Fuel cells are devices that directly convert the chemical energy of a fuel into electrical energy through electrochemical reactions, with low or zero carbon emissions. Used for decades to supply energy in satellites and spacecraft, fuel cells are already present in homes, businesses, industries and electric cars, and are becoming increasingly relevant in the face of the need to generate energy in the cleanest way possible to mitigate climate change. However, the materials needed to efficiently catalyze electrochemical reactions in fuel cell electrodes are generally based on expensive and scarce elements such as noble metals. Therefore, several alternatives are being investigated; among them, the development of fuel photocells.
In these devices, inexpensive photosensitive materials based on abundant elements help drive reactions through the electrons and holes they generate when excited by sunlight. One such material is titanium dioxide (TiO2). This compound, which is usually in the form of a white powder, is not easily degraded by light and is simple to prepare. However, it has an important limitation: it only absorbs ultraviolet radiation, failing to take advantage of other wavelengths that are also present in sunlight, such as the so-called visible light.
In this context, the initial idea was born for the work of the UFMS team, which was developed within Luiz Felipe Plaça’s doctorate under the guidance of Prof. Heberton. “We thought of using self-doped titanium dioxide, that is, with self-induced structural defects, using a simple, inexpensive process that can be easily scaled up in the future”, says the researcher. “That was when we decided to use heat treatment in a reducing atmosphere with small amounts of sodium borohydride (NaBH4)”, he details. The idea generated great results. The treatment made it possible to control the density of defects in the titanium dioxide nanoparticles and, in this way, increase their ability to absorb radiation, including part of the visible spectrum of sunlight. Furthermore, the material lost its characteristic white color and turned black.
The black titanium dioxide was placed on a transparent conductive glass substrate and used as the photoanode of the fuel cell. The photoanode is the component responsible for absorbing sunlight and transforming it into electrons and holes that will reduce oxygen and oxidize fuel, respectively, generating the desired electric current at the end of the process. With the black titanium dioxide photoanodes, the efficiency of the fuel cell showed a very considerable increase in its ability to produce electric current from methanol and solar energy. “The improved device, without the use of noble metals, showed a 2,000% increase in maximum output power”, says Professor Heberton. “This represents an impressive efficiency and puts self-doped titanium dioxide on the list of the most promising materials to be used as photoanodes in photocells fueled by methanol or alternative fuels such as ethanol, glycerol, other alcohols and even organic pollutants with higher molar mass”.

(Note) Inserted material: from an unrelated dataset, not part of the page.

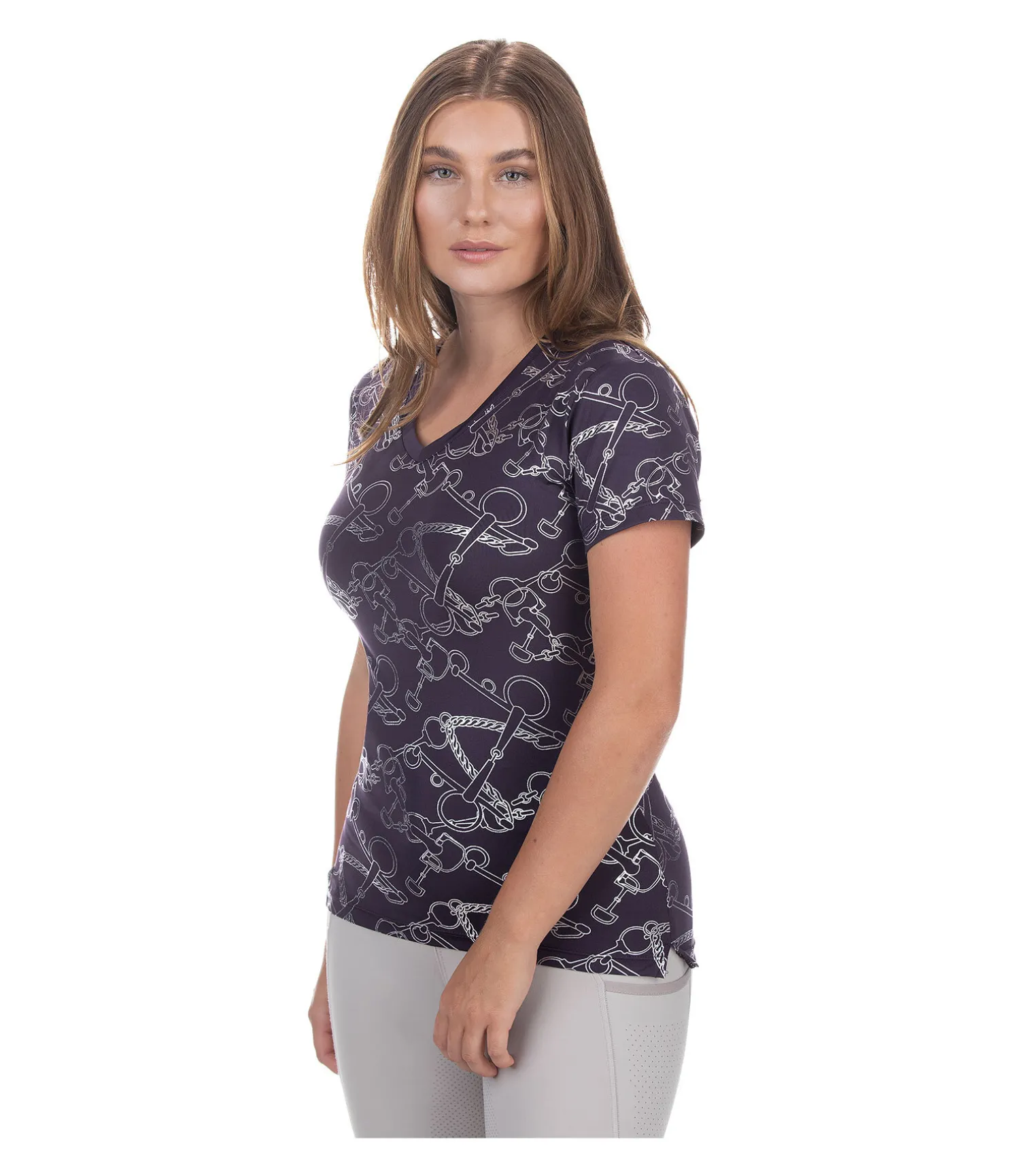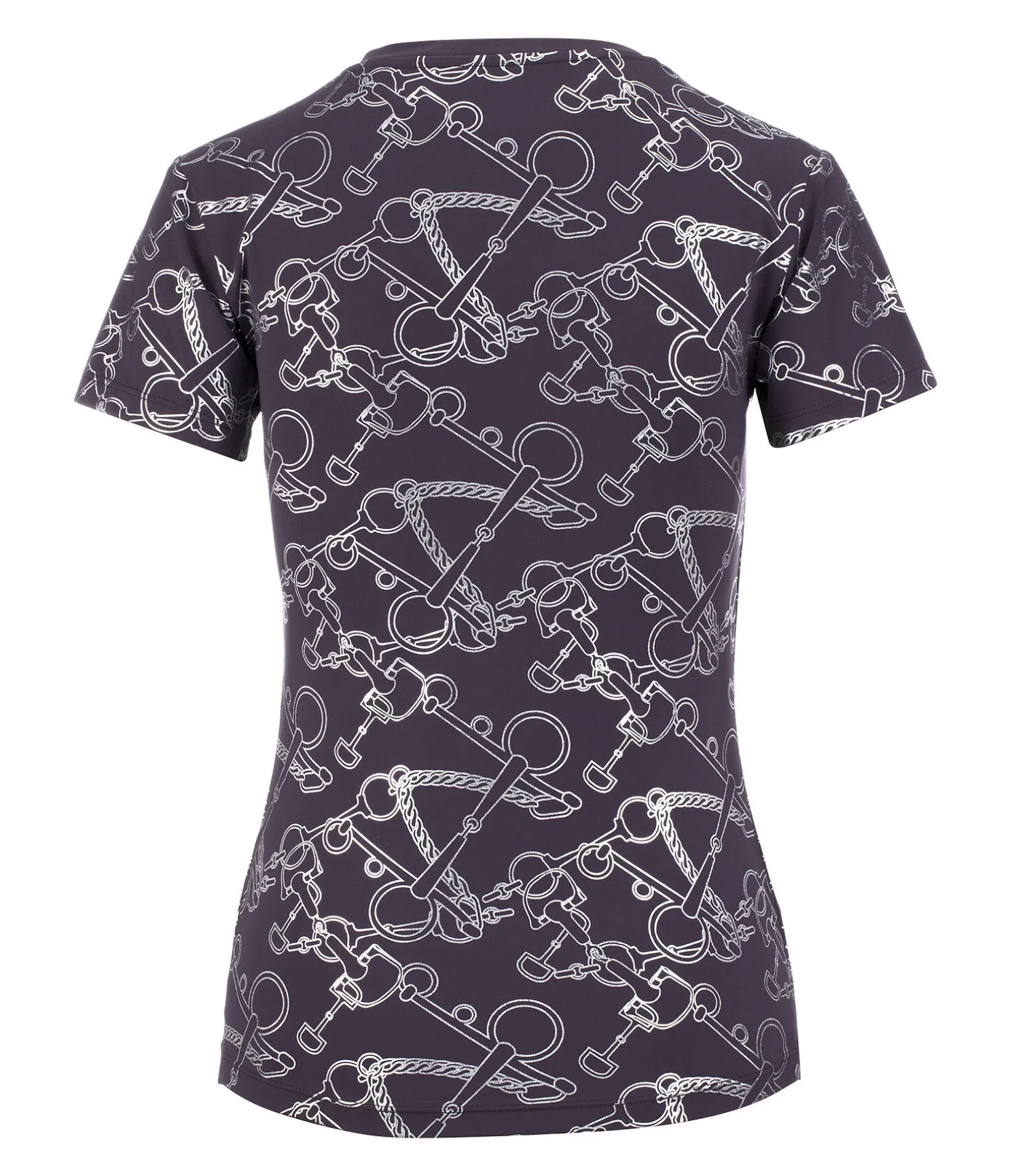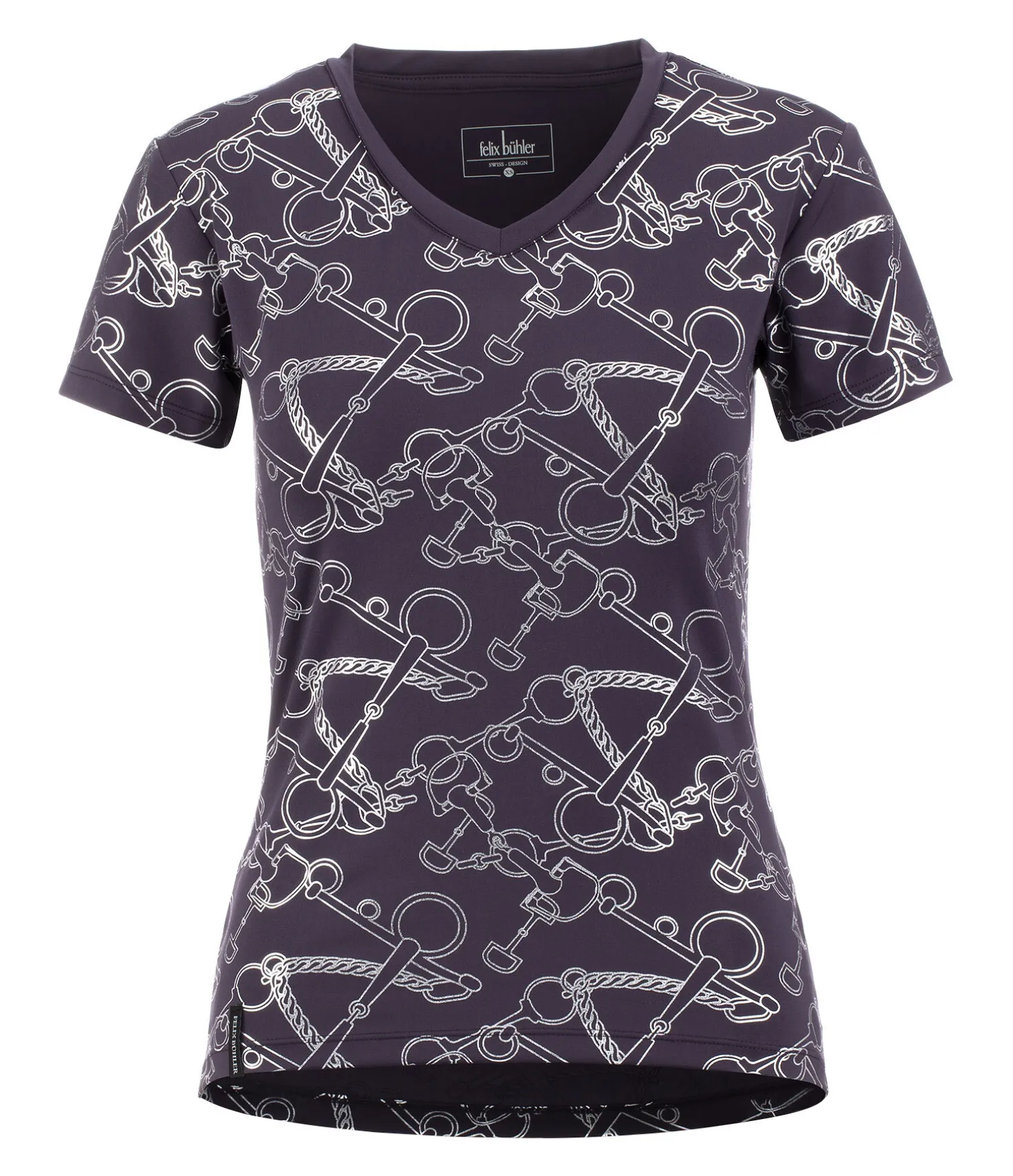 Élégant T-shirt technique à manches courtes. Col en V. Imprimé all-over couleur métallisée. Respirant et à séchage rapide. 88 % polyester, 12 % élasthanne

As it can be supplied with organic pollutants – a possibility that was explored in other work by the team, the photocell could be used to decontaminate water without additional energy costs and even generate a little extra electricity for external use in low-power devices. “In a hypothetical scenario, it would be possible to purify water from effluents in rural properties while producing energy”, points out Professor Cauê Alves Martins, who is also a corresponding author of the ACS Applied Materials and Interfaces article.

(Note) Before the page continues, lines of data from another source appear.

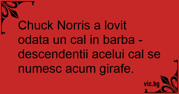 Chuck Norris a lovit odata un cal in barba - descendentii acelui cal se numesc acum girafe.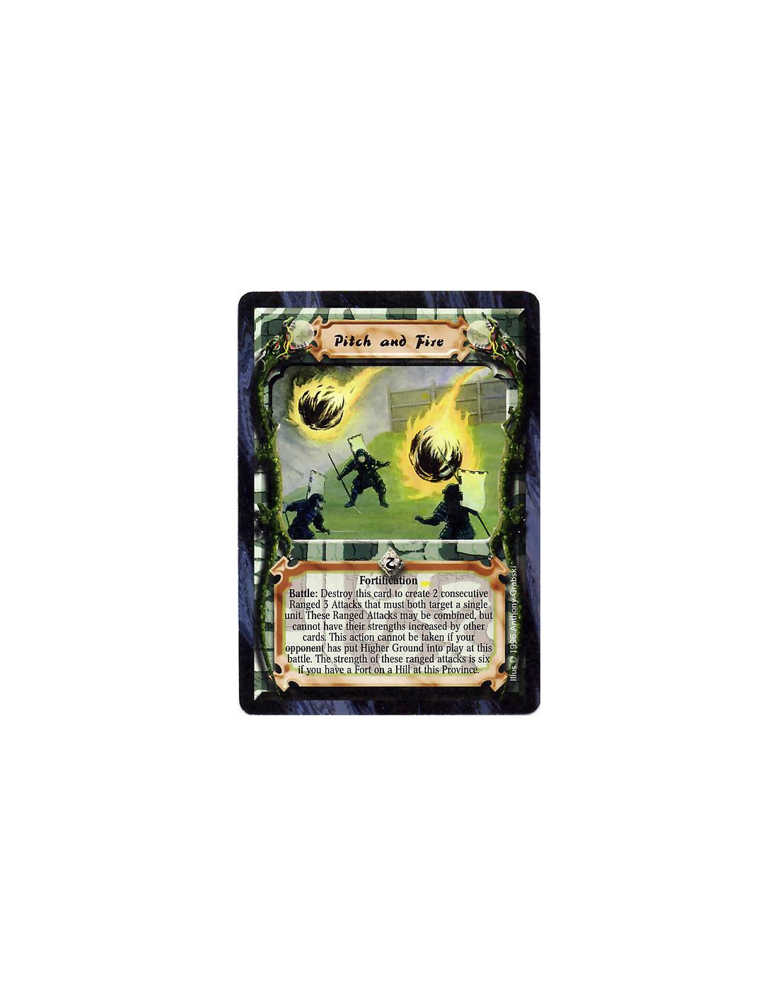 Fortification Battle: If your opponent does not have Higher Ground in play, destroy Pitch and Fire for two consecutive Ranged 3 Attacks that target one unit. You can combine the ranged attacks, but other cards cannot raise the ranged attacks' stregth. If you have a Fort on a Hill at this Province, the ranged attacks each have 6 stregth.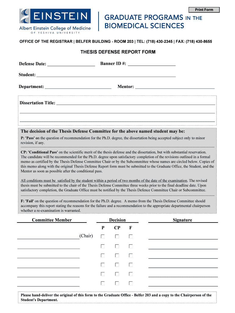 Ensure that all fields are accurately filled out, particularly signature lines. Double-check for any typos and confirm the defense date matches your scheduled presentation.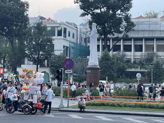 Mời quý vị hãy những nhìn tấm ảnh này, một chàng trai giữa trung tâm thành phố chiều 23/12/2025 khi mà mọi người chuẩn bị đón Giáng Sinh.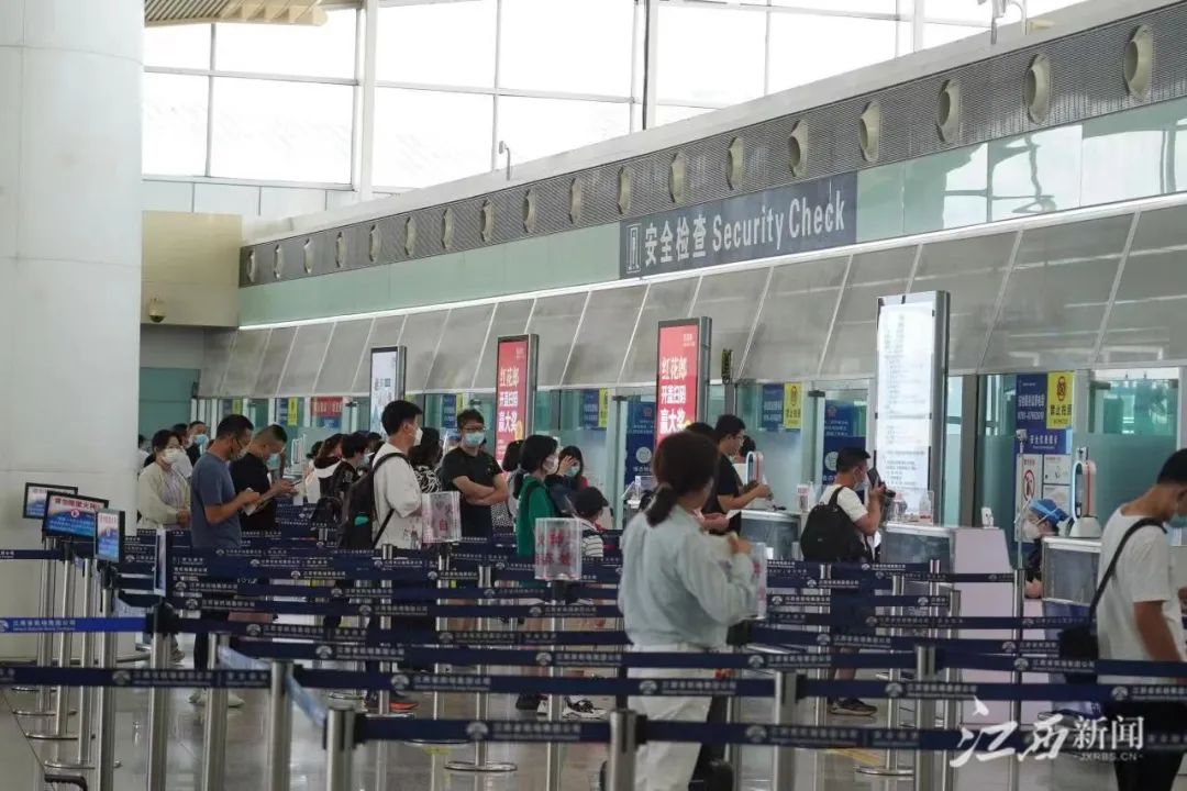 ▲旅客正在南昌昌北国际机场进行安全检查。(江西省机场集团有限公司供图)

In addition to the laboratory photocell, the authors prepared, with the new photoanode, a prototype of a small portable device: a microfluidic photo fuel cell. The device, which fits in the palm of a hand, can be produced in less than an hour at a cost of less than $2.00. To develop the prototype, the team had the participation of an undergraduate student in Physics Engineering at UFMS, Pedro Lucas S. Vital, who, guided by Prof. Cauê, accepted the challenge of preparing the cell using a 3D printer. The device was also tested, with good results. Despite being a good prototype, the engineering of the device can yet be improved to increase the power density via scale out, with more devices operating together, comment Heberton and Cauê.

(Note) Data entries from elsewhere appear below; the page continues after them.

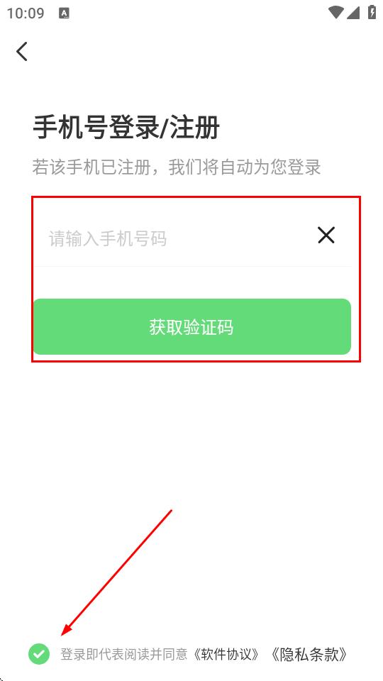 3、在手机号登录/注册页面,输入手机号码,勾选登录即代表阅读并同意软件协议隐私条款,点击获取验证码。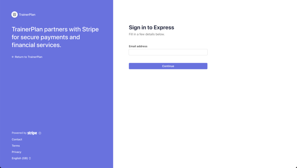 Click Connect with Stripe to complete the identity verification and add your bank details. This is where your earnings will be deposited. Stripe manages everything — you will be redirected to your secure form and return to TrainerPlan upon completion.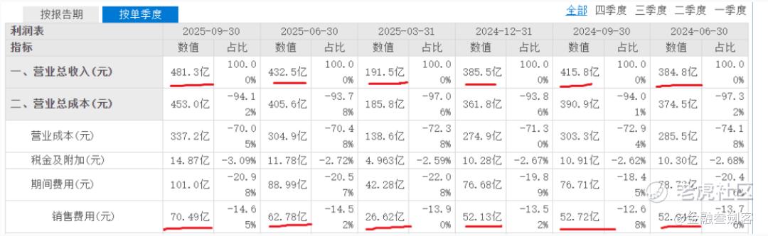 24年Q2到25年Q3,每个季度销售费用率分别为:13.7%、12.6%、13.5%、13.9%、14.5%、14.6%,品牌做起来后,这个会逐步降低的,这是必然的,但也有必要分析下这个数据为什么这么高。

The work is the result of a well-established collaboration between two research groups at the UFMS Institute of Physics: Nano&Photon, coordinated by Professor Heberton Wender, and the Electrochemistry Research Group, led by Professor Cauê Alves Martins. Researchers from the Institute of Chemistry of São Carlos (IQSC-USP) also participated in the work.
Paper reference: Black TiO2 Photoanodes for Direct Methanol Photo Fuel Cells. Luiz Felipe Plaça, Pedro-Lucas S. Vital, Luiz Eduardo Gomes, Antonio Carlos Roveda Jr., Daniel Rodrigues Cardoso, Cauê Alves Martins, and Heberton Wender. ACS Applied Materials & Interfaces. DOI: 10.1021/acsami.2c04802.
Corresponding authors contact: heberton.wender@ufms.br, caue.martins@ufms.br.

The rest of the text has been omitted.